Затем его и построили — это Карл ощущал с самого детства. Город построили для того, чтобы люди могли отгородиться от бескрайности равнин, чтобы они видели вокруг себя геометрически точные линии улиц, домов, площадей. Оттого он и любил его всем сердцем. Любил прежде всего, конечно, за то, что здесь родился и вырос, но, главное, потому, что за его серыми побуревшими от времени стенами он чувствовал себя в безопасности.

Сейчас перед ним было море. Морей до сих пор он повидал немало, немало исколесил и равнин и, вспомнив об этом, с гордостью подумал о том, что все же с честью выдержал трудные испытания. Но ни по одному морю, ни по одной равнине он не прошел один: город из стали и машин либо стоял за его спиной, либо шел впереди него, помогая преодолеть это тягостное чувство смятения и растерянности, которые появлялись у него, едва он оказывался вне родных стен.

Он, действительно, прошел по морям и полям Европы, но не в одиночку, а вместе с бронированной армией, под защитой многоликого кочевого города из стали и машин. Он научился теперь ходить всюду — и по непроторенным дорогам полей, и по таинственным просторам морей. Научился, но лишь благодаря тому, что кто-то, кто сидел в главном городском ведомстве, намечал для него маршруты — километр за километром, где должен пройти его путь, указывал одну цель за другой.

Сейчас Карл Риттер смотрел на море и думал, что здесь, у острова, пришпоренное горой, втиснутое в изгибы берега, обрамленное сбегающими к воде рощами, оно не кажется таким бескрайним. Вокруг сияла голубизной звездная, ясная, по-летнему теплая сентябрьская ночь, и он удивлялся, почему его гложет тоска. Тоска по холодному ветру Атлантики, по пасмурному небу и, главное, по родному захолустному городку, стоящему среди равнин, подобно неприступной твердыне.

Откуда она, эта тоска?

Ведь армия — вот она, здесь, под лафетами береговых орудий, в пулеметных гнездах «Флаков», в палатках из маскировочной ткани, в кожаной кобуре, в длинном дуле «Люгера»; вот тянется телефонный провод: он соединяет батарею с немецким командованием в Аргостолионе, а из Аргостолиона нетрудно связаться с Афинами, Веной, Берлином. Одним словом, город функционирует, как обычно, продолжают действовать все его звенья.

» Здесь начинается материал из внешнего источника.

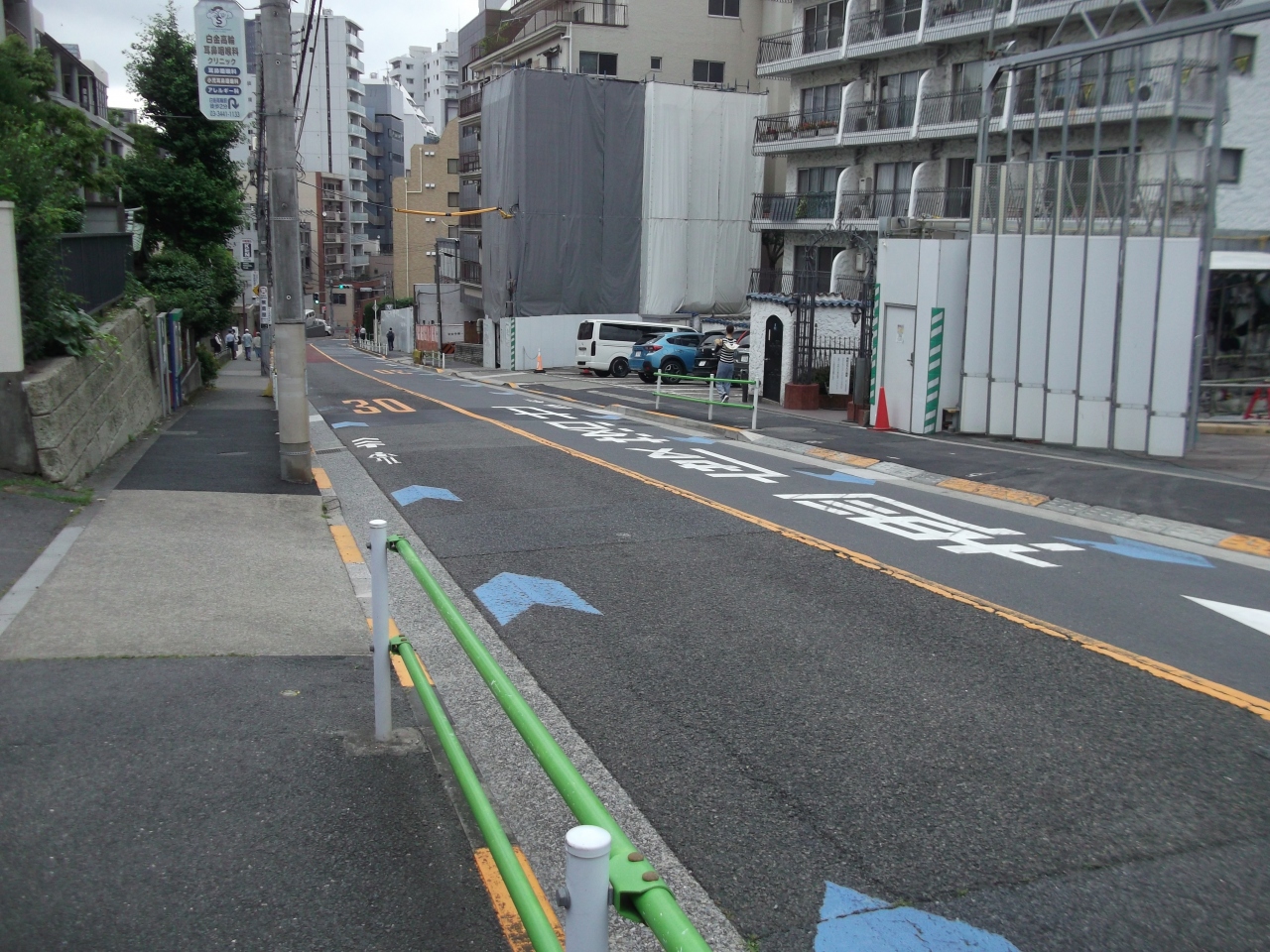 JR三田駅から歩いて7分ほど、慶応大学正門の少し手前から始まる長い坂道です。勾配はそれほど急ではありませんが、数百メートルに渡って延々と続くのでずっと歩いて行くと疲れそうです。道の両側はマンションが多いですが、途中には緑もある亀塚公園や三田台公園もあります。

«Почему же, — спрашивал себя с недоумением Карл Риттер, — гложет меня эта тоска?» Внезапно его охватило странное ощущение, будто в железной, бензинной, машинной стене его города обнаружилась брешь, и бессознательно, совершенно бессознательно он почувствовал: для того чтобы восстановить былое ощущение безопасности, надо вернуться домой, укрыться за каменными стенами родного города. Отчего бы это?

«Может быть, из-за предательства итальянцев?» — с раздражением спросил себя Карл Риттер.

Он прислушался к молчанию острова.

«Если итальянцы обрушатся на нас, мы пропали», — решил он.

Три тысячи солдат — даже если это немцы, даже если это солдаты 996-го пехотного полка под командованием подполковника Ганса Барге, — три тысячи солдат не смогут устоять против целой дивизии, даже если эта дивизия итальянская», — в отчаянии подумал Карл Риттер.

Но тишину ничто не нарушало, итальянцы не трогались с места. Может быть, они ждали рассвета и более точных указаний, а может быть, — и это наиболее вероятно, — у них нет желания и не хватает мужества предпринять что-либо.

Карл Риттер усмехнулся:

«Только и знают — шляться по проституткам. Племя лакеев, та же порода, что и греки».

 

2

Желали они этого или нет, но немцам тоже пришлось дожидаться рассвета.

«Надо выиграть время», — решил подполковник Ганс Барге.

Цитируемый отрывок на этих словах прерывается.